[Data items]
________________

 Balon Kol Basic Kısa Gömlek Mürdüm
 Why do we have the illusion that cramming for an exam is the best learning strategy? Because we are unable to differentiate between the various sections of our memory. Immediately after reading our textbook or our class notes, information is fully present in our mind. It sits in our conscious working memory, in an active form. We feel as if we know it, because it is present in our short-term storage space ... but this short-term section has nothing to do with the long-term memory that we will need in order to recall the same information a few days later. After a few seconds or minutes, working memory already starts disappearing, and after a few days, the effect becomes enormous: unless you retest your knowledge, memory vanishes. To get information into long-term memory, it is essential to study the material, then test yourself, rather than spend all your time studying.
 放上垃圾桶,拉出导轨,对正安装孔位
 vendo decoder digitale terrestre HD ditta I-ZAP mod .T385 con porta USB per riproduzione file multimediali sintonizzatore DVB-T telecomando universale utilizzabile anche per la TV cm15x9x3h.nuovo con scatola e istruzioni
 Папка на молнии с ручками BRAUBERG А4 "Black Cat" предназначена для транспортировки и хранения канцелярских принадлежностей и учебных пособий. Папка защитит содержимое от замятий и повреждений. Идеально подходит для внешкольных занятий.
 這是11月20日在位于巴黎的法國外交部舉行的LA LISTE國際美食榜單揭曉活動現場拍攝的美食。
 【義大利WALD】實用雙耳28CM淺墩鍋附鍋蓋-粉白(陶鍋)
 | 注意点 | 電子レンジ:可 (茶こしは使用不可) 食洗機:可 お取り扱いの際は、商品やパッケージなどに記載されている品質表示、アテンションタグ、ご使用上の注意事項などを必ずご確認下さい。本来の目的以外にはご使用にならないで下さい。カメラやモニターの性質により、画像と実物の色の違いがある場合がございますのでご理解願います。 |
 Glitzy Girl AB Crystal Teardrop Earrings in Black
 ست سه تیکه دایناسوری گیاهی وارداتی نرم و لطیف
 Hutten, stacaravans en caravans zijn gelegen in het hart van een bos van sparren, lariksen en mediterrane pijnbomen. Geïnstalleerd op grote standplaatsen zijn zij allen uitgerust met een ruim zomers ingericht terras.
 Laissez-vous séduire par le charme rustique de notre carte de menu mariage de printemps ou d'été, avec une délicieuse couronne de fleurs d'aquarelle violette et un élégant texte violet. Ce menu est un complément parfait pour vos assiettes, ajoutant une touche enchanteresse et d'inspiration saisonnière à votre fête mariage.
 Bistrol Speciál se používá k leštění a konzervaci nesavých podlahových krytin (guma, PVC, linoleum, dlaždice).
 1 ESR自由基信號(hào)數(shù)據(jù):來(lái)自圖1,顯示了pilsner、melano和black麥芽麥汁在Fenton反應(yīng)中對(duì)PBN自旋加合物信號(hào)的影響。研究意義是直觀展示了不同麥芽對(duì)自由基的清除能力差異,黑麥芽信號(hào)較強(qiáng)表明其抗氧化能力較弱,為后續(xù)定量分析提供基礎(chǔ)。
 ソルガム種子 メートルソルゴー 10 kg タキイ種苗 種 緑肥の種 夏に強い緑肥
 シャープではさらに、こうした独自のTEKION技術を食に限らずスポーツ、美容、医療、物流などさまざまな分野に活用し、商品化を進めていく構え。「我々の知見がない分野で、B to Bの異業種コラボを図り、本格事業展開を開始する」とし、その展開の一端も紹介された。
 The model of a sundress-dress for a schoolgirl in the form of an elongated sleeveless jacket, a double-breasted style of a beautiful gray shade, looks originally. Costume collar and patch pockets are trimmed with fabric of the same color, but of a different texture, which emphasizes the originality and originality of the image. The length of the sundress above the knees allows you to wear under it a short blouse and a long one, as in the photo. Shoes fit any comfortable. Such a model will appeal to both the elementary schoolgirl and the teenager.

________________

_GOAL OF THE EXERCISE_. Restate word for word only the lines above from the line containing "注意点 | 電子レンジ:可" to the line containing "ソルガム種子 メートルソルゴー 10 kg タキイ種苗 種 緑肥の種 夏に強い緑肥", both of them included.

_RESPONSE AREA_.
 | 注意点 | 電子レンジ:可 (茶こしは使用不可) 食洗機:可 お取り扱いの際は、商品やパッケージなどに記載されている品質表示、アテンションタグ、ご使用上の注意事項などを必ずご確認下さい。本来の目的以外にはご使用にならないで下さい。カメラやモニターの性質により、画像と実物の色の違いがある場合がございますのでご理解願います。 |
 Glitzy Girl AB Crystal Teardrop Earrings in Black
 ست سه تیکه دایناسوری گیاهی وارداتی نرم و لطیف
 Hutten, stacaravans en caravans zijn gelegen in het hart van een bos van sparren, lariksen en mediterrane pijnbomen. Geïnstalleerd op grote standplaatsen zijn zij allen uitgerust met een ruim zomers ingericht terras.
 Laissez-vous séduire par le charme rustique de notre carte de menu mariage de printemps ou d'été, avec une délicieuse couronne de fleurs d'aquarelle violette et un élégant texte violet. Ce menu est un complément parfait pour vos assiettes, ajoutant une touche enchanteresse et d'inspiration saisonnière à votre fête mariage.
 Bistrol Speciál se používá k leštění a konzervaci nesavých podlahových krytin (guma, PVC, linoleum, dlaždice).
 1 ESR自由基信號(hào)數(shù)據(jù):來(lái)自圖1,顯示了pilsner、melano和black麥芽麥汁在Fenton反應(yīng)中對(duì)PBN自旋加合物信號(hào)的影響。研究意義是直觀展示了不同麥芽對(duì)自由基的清除能力差異,黑麥芽信號(hào)較強(qiáng)表明其抗氧化能力較弱,為后續(xù)定量分析提供基礎(chǔ)。
 ソルガム種子 メートルソルゴー 10 kg タキイ種苗 種 緑肥の種 夏に強い緑肥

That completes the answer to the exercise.